According to The Financial Tribune, an English language news publication focused on Iran that's operated by Tehran-based Donya-e-Eqtesad, Ebrahim Ali Molla-Beigi, director general of the Exploration Affairs Office of the Ministry of Industries, Mining and Trade, said that Iran has discovered its first lithium reserve in Hamedan Province, in the western part of the country.
The reserve is said to be 8.5 million metric tons, which – if accurate – would be among the largest known deposits yet discovered.
According to the US Geological Survey [PDF], the top five identified lithium reserves are: Bolivia, 21 million tons; Argentina, 20 million tons; Chile, 11 million tons; Australia, 7.9 million tons, and China, 6.8 million tons.
[...] Iran two years ago signed a 25-year strategic cooperation agreement with China, so its newfound lithium wealth also looks likely to strengthen China's already extensive control of the supply chain for strategically and economically important minerals. This occurred coincidentally not long after the US killed a top Iranian general with a drone strike.
[...] For its part, among other initiatives, the US hopes to boost domestic lithium production this spring with a Berkshire Hathaway Energy Renewables project, based in Imperial County, California. The project aims to extract lithium from geothermal brine and, if successful, could scale up to 90,000 metric tons of lithium per year by 2026, according to the White House.
There's another use of Lithium. A naturally occurring isotope of the element – 6Li – is a key ingredient in the fusion fuel of practical thermonuclear weapons. We mention that because Iran is so very keen on developing its own nuclear weapons.

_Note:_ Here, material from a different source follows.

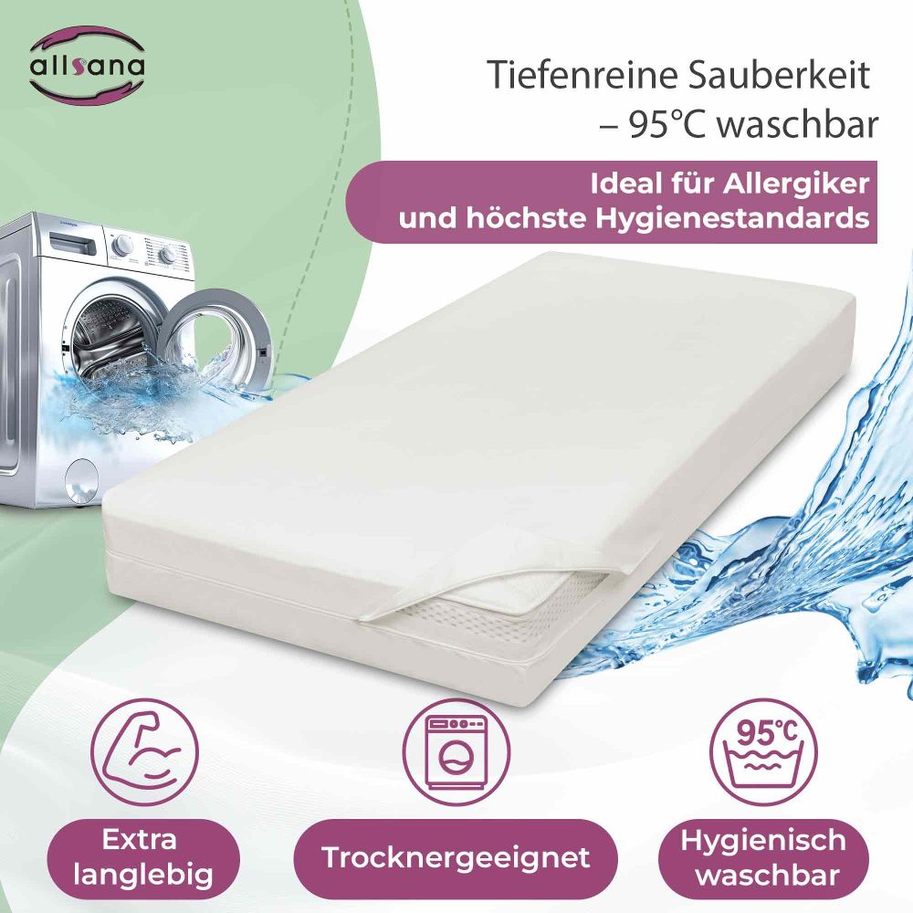 Waschanleitung: Allsana sensitive care Encasings können bei bis zu 95°C gewaschen werden und sind bei niedriger Temperatur trocknergeeignet. Wie alle Encasing müssen die allsana sensitive care Milbenschutzbezüge nur 2-3 mal im Jahr gewaschen werden. Über die Encasings wird die normale Bettwäsche gezogen und diese wird im gewohnten Rhythmus gewaschen.

We also can't bring up Li-6 without mentioning the United States' Castle Bravo thermo-nuke test in the early 1950s that was a much larger bang than expected – a 15MT explosion versus the predicted 6MT – due to the Americans thinking the abundant 7Li isotope in the fuel fusion would be inert. Reader, it was not, it had a sufficient effect on the reaction, and fallout from the experiment was widespread and disastrous.
(Score: 4, Insightful) by Anonymous Coward on Tuesday March 07, @05:39PM (11 children)

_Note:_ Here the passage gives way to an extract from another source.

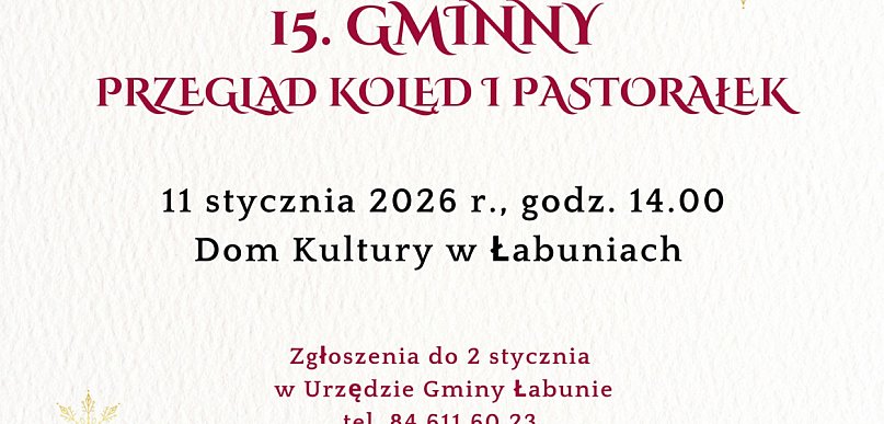 XV Gminny Przegląd Kolęd i Pastorałek w Łabuniach – zaproszenie do wspólnego kolędowania.

Looks like Iran's in dire need of some imminent freedumb... start beating those war drums!
(Score: 4, Informative) by Freeman on Tuesday March 07, @09:05PM (4 children)
"freedumb" is possibly one of the dumbest memes/slang terms I've ever heard.
Here's some information hot off the presses:
https://thehill.com/policy/defense/3879219-iran-can-produce-enough-material-for-a-nuclear-bomb-in-12-days-pentagon/ [thehill.com]
Some recent headlines from the BBC:
Iran nuclear: IAEA inspectors find uranium particles enriched to 83.7%
Iran sentences German-Iranian dissident to death
Five killed in Israeli strike on Damascus, Syria says
Iran International: Channel leaves UK after regime threats
Iran protests: Female journalists targeted in spate of arrests
Sara Khadem: Top Iran chess player exiled for refusing headscarf
The boxer who fled Iran seeking the freedom to fight
Fariba Adelkhah: French-Iranian academic released from Iran jail
Iran blames Israel for Isfahan drone attack, warning of revenge
Iran dancing couple given 10-year jail sentence
Robert Malley: Iran has a clear choice on nuclear programme
Iran protests: Woman, Life, Freedom inspires dance music album
Joshua 1:9 "Be strong and of a good courage; be not afraid, neither be thou dismayed: for the Lord thy God is with thee"
(Score: 3, Insightful) by cmdrklarg on Wednesday March 08, @06:09PM (3 children)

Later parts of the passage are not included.